The area under the normal probability curve between the coordinates at X = $\mu$ - $\sigma$ and X = $\mu$ + $\sigma$ is 0.6826.

Area under the normal probability curve between the ordinates at X = $\mu$ - 2$\sigma$ and X = $\mu$ +

2$\sigma$ is 0.9544 and the area under the normal probability curve between the ordinates at X = $\mu$

- 3$\sigma$ and X = $\mu$ + 3$\sigma$ is 0.9973. this range covers almost the entire area which is 1.

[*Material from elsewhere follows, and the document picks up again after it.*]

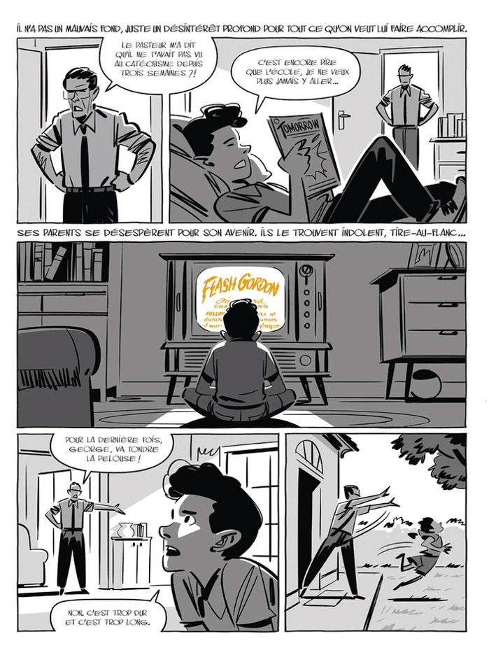 Abondamment documenté, l’ouvrage a été mené de main de maître par les deux auteurs, avec une symbiose parfaite entre les partitions graphique et narrative. On y découvre d’abord le personnage de Georges Lucas, cet enfant rebelle dont les rêves étaient « bigger than life ». L’homme, déjà tout gosse, avait une personnalité hors du commun, tête brûlée dans son adolescence et plutôt renfermé, il semblait habité par une volonté de fer pour donner corps à ses rêves…et il lui en aura fallu de la volonté pour franchir les innombrables écueils qu’il subit avant la sortie en salles du film, dans la douleur qui plus est… Même si Lucas avait déjà sa trilogie en tête, c’est le succès inattendu de ce premier opus au box office qui fut le catalyseur de l’impressionnante saga et de ses innombrables spin-offs, très inégaux il faut bien l’avouer, que nous connaissons aujourd’hui.
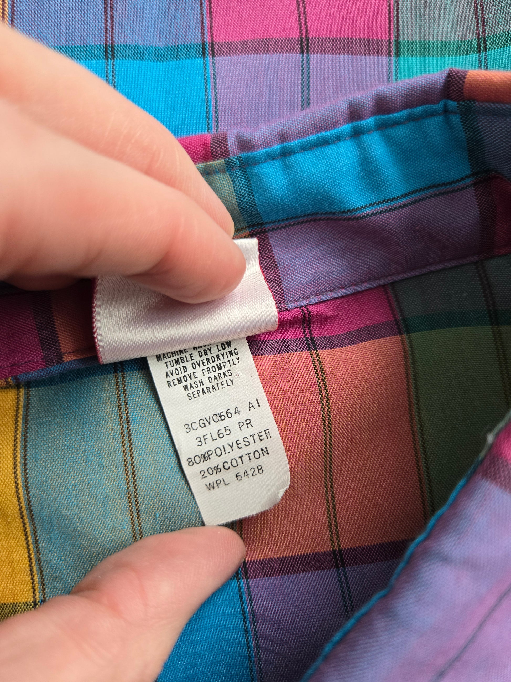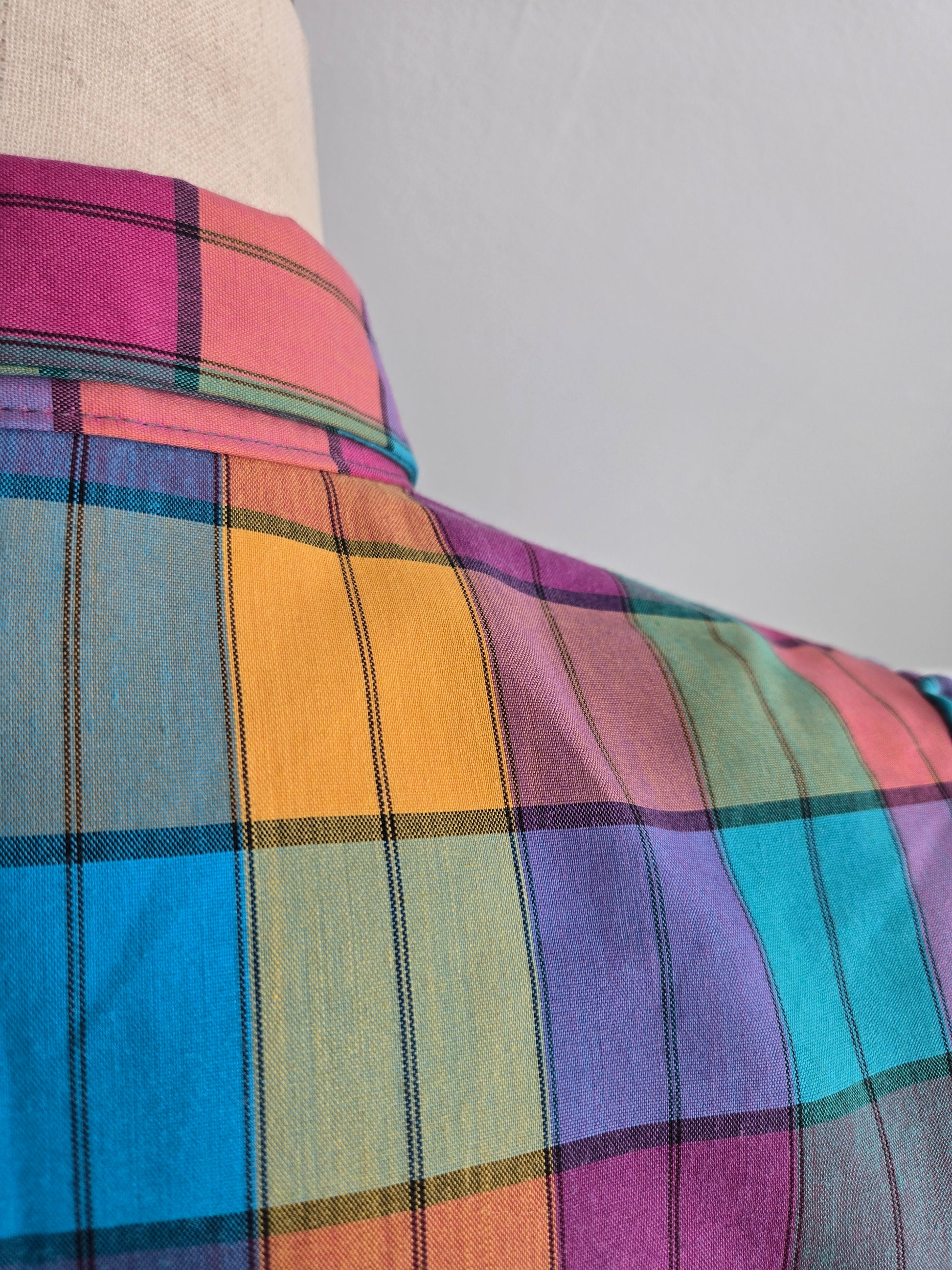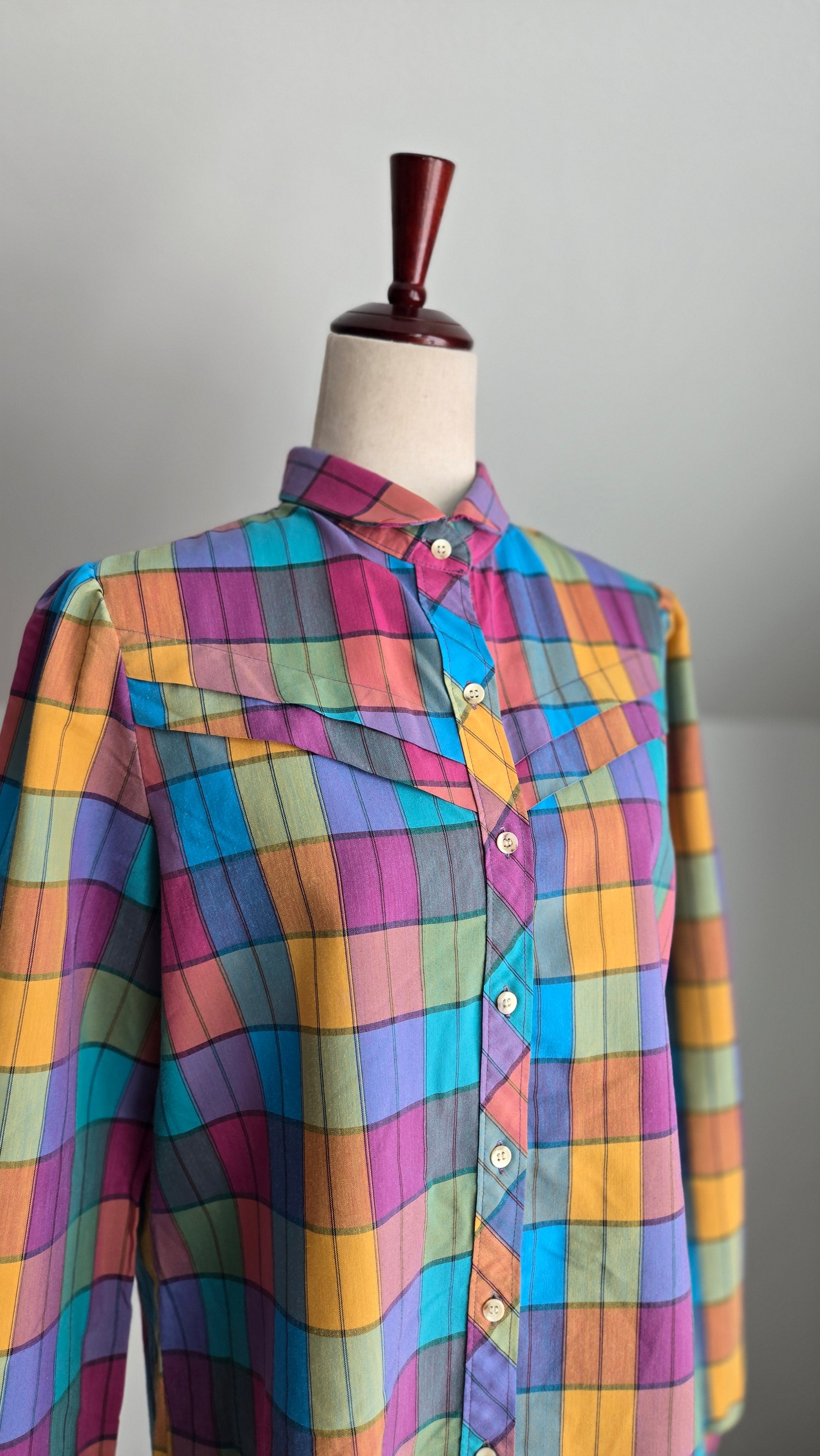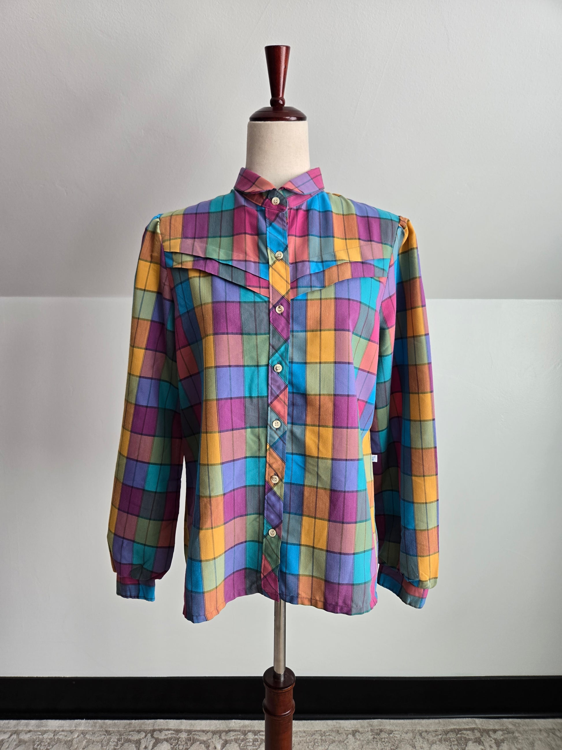 Wrangler vintage 70s colorful rainbow plaid button down western shirt. It has western pleated seam lines at the front and buttoned cuffs. There is a small horse woven label at the side seam. It is in perfect condition and freshly laundered.

The standard normal variate corresponding to X is Z =

$\frac{X - \mu}{\sigma}$

When X = $\mu$ + $\sigma$, Z =

$\frac{\mu + \sigma - \mu}{\sigma}$ = 1;

When X = $mu$ - $\sigma$, Z =

$\frac{\mu - \sigma - \mu}{\sigma}$ = - 1;

When X = $\mu$ + 2 $\sigma$, Z =

$\frac{\mu + 2\sigma - \mu}{\sigma}$ = 2;

When X = $mu$ - 2$\sigma$, Z =

$\frac{\mu - 2\sigma - \mu}{\sigma}$ = - 2;

When X = $\mu$ + 3 $\sigma$, Z =

$\frac{\mu + 3\sigma - \mu}{\sigma}$ = 3;

When X = $mu$ - 3 $\sigma$, Z =

$\frac{\mu - 3 \sigma - \mu}{\sigma}$ = - 3;

Therefore the area under the standard normal probability curve

**1)** Between the ordinates at Z = $\pm$ 1 is 0.6826.

**2)** Between the ordinates at Z = $\pm$ 2 is 0.9544.

3) Between the ordinates at Z = $\pm$ 3 is 0.9973.